The ability of research networks to deliver rapid results about which treatments are effective and how to best triage patients has been a national success that should be celebrated. Future work will further quickly identify which point of care tests are reliable.

Emergency departments should aim to make recruitment to multi-centre research studies part of routine clinical business. A Consultant should be nominated as the research lead with adequate time for the role who is expected to implement multicentre research studies and evidence -based care.

Internal Relationships: Hospital wide response
Crowding has been a challenge in our EDs for some time now. It is vital that we do not return to this in the coming winter. The flow that was achieved over the first wave was through the whole hospital system operating together and cohesively.
Relationships and collaborations between specialties were built like never before. As usual business is resumed, these processes and links risk breaking down.

Escalation and crowding policies and protocols should be developed in collaboration with your Trust managers and clinicians to ensure hospital-wide buy in and action when trigger points are met.
The whole hospital or Trust should act as one with one goal which is able to be challenged but also supportive.

External Relationships
Nationally the frontline clinical services have worked together as part of joint pandemic systems at a number of levels. Primary care systems have been engaged through their CCG, devolved nation equivalents and also through national systems.

The ambulance services have adopted specific clinical and operational changes as part of pandemic changes and have managed more patients at home usually because the patients were most appropriately managed out of hospital, but sometimes when the patient declined transfer to an ED. There has been improved communication with ambulance service leads regionally and nationally in order to support the management of more patients at home, diversion to other same day clinical pathways within acute trusts and also improved arrival and handover systems in EDs.

National innovations to reduce low acuity patients waiting in crowded waiting rooms and direct patients to the correct care first such as ‘Think 111’, and the clinical advisory service, are being piloted and rolled out in some areas. The effectiveness of the scheme and effects on certain populations, particularly the vulnerable, are yet to be fully quantified.

Whilst the impact of the use of technology to reduce face to face consultations in primary care has been significant with many benefits for patients, there is also a need to monitor the impact on the ED. There is a potential for the reduced face to face contact to result in increased ED attendances for a number of reasons, for example, patient frustration, altered clinician risk threshold due to the changed nature of the consultation.

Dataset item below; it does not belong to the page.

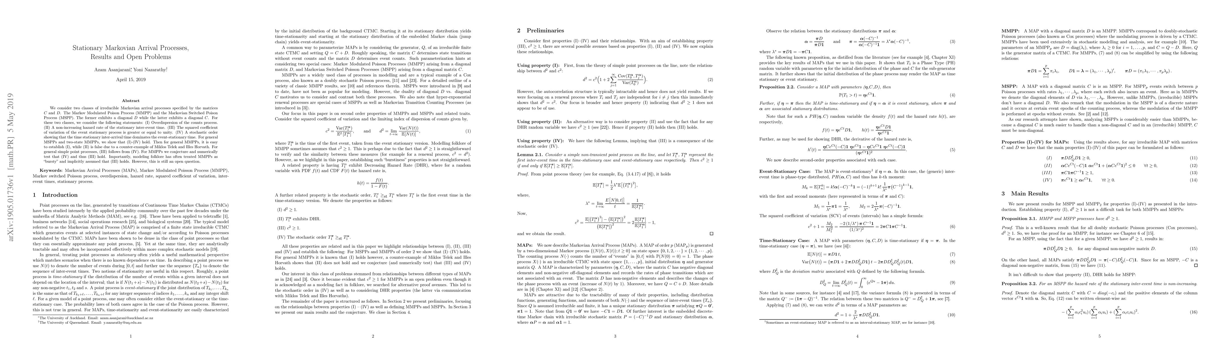 We consider two classes of irreducible Markovian arrival processes specified by the matrices $C$ and $D$. The Markov Modulated Poison Process (MMPP) and the Markovian Switched Poison Process (MSPP). The former exhibits a diagonal $D$ while the latter exhibits a diagonal $C$. For these two classes, we consider the following statements: (I) Overdispersion of the counts process. (II) A non-increasing hazard rate of the stationary inter-event time. (III) The squared coefficient of variation of the event stationary process is greater or equal to unity. (IV) A stochastic order showing that the time stationary inter-arrival time dominates the event-stationary time. For general MSPPs and two-state MMPPs, we show that (I)-(IV) hold. Then for general MMPPs, it is easy to establish (I), while (II) is false due to a counter-example of Miklos Telek and Illes Horvath. For general simple point processes, (III) follows from (IV). For MMPPs we conjecture and numerically test that (IV) and thus (III) hold. Importantly, modeling folklore has often treated MMPPs as ``bursty'' and implicitly assumed that (III) holds. However, this is still an open question.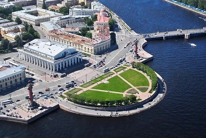 Как утверждал Ричард Мейер, «архитектура - это футбол, и в ней свои болельщики», однако он явно не осознавал всей глубины своего высказывания. Стрелка Васильевского острова в Петербурге похожа на центр футбольного поля, совмещенный с дугой штрафной площади. В свою очередь, две внутренние дорожки как бы образуют вектор атаки. Автором данного оформления был Лев Ильин, чье имя напоминает о «царе зверей», который является символом «Зенита». Согласно заявлению петербуржцев, именно это место «легло в основу эмблемы клуба». Одноименный логотип, называемый «стрелкой», был изогнутым, круглым и клиновидным; на фотографии угадываются очертания всех трех вариантов. Букву "З" также можно увидеть в изгибах набережной.

ED nominated leads or lead clinicians should engage in regional RCEM groups which should include an invitation to regional NHS ambulance service medical directors and clinical leads, to improve clinical pathways to and bypassing EDs.

Departments should engage with national innovation and advocacy work.

The recommendations are for staff working in emergency departments. The College recognises that departments vary widely and that a recommendation may not be appropriate in all settings.